There was a crunch high above him, and shards of rock spattered into the earth. High up on the face of Old Grandad a hole appeared; there was a brief sight of the Luggage’s backside as it struggled to regain its footing, and then Twoflower’s head poked out of the mouth cave.

‘Anyone down there? I say?’

‘Hey!’ shouted the wizard. ‘Am I glad to see you!’

‘I don’t know. Are you?’ said Twoflower.

‘Am I what?’

‘Gosh, there’s a wonderful view from up here!’

It took them half an hour to get down. Fortunately Old Grandad had been quite craggy with plenty of handholds, but his nose would have presented a tricky obstacle if it hadn’t been for the luxuriant oak tree that flourished in one nostril.
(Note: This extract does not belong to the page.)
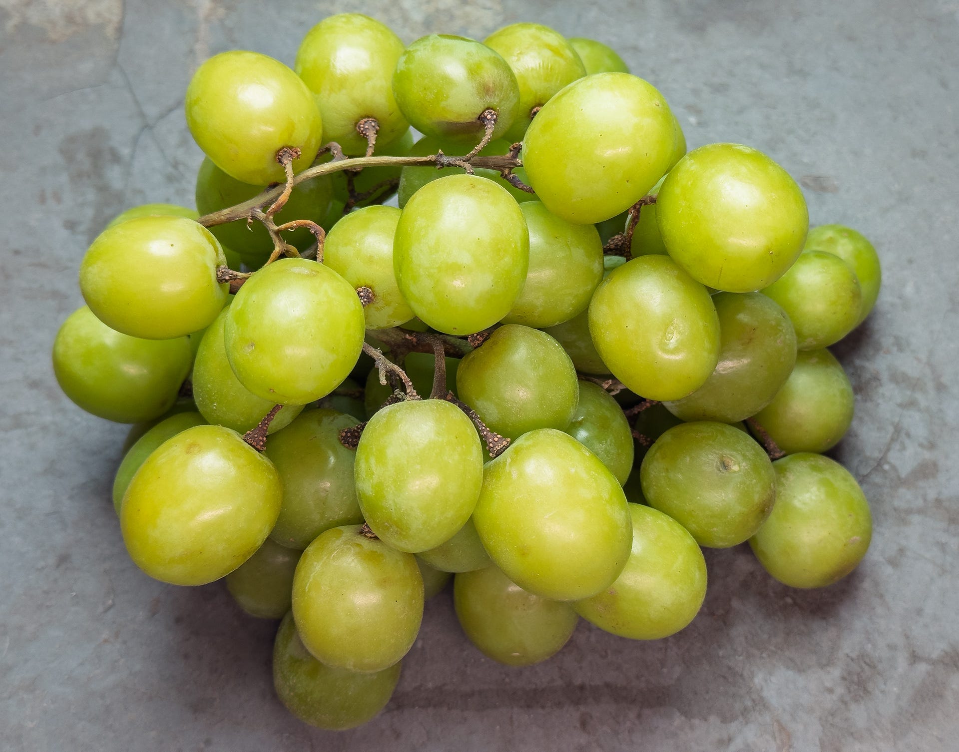 Ten grapes weighed 5.4 ounces, or 153 grams. That is more than a third of a pound in just ten pieces. The average berry measured 32mm by 36mm. These are not the smaller, casual handful grapes often sold under PLU 4022, the catch-all code for standard green seedless varieties.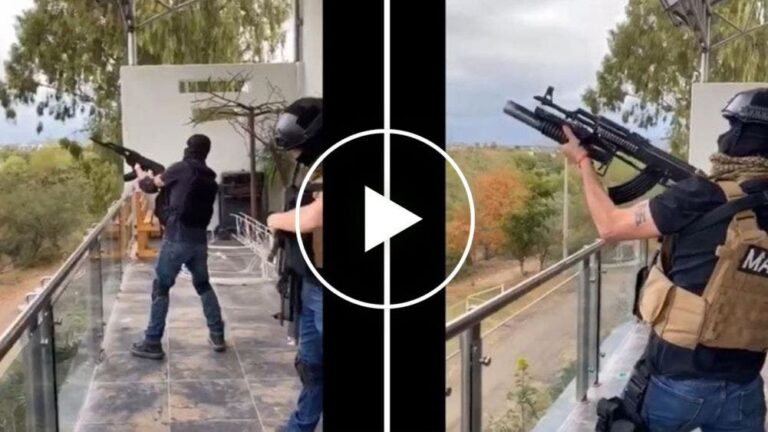 El video muestra a un par de individuos, presuntos integrantes del crimen organizado a juzgar por el tipo de armas, quienes enfundados en equipo táctico, lanzaron varias descargas de sus armas automáticas en un domicilio sin identificar.

The Luggage didn’t bother to climb. It just jumped, and bounced its way down with no apparent harm.

Cohen sat in the shade, trying to catch his breath and waiting for his sanity to catch up with him. He eyed the Luggage thoughtfully.

‘The horses have all gone,’ said Twoflower.

‘We’ll find ’em,’ said Cohen. His eyes bored into the Luggage, which began to look embarrassed.

‘They were carrying all our food,’ said Rincewind.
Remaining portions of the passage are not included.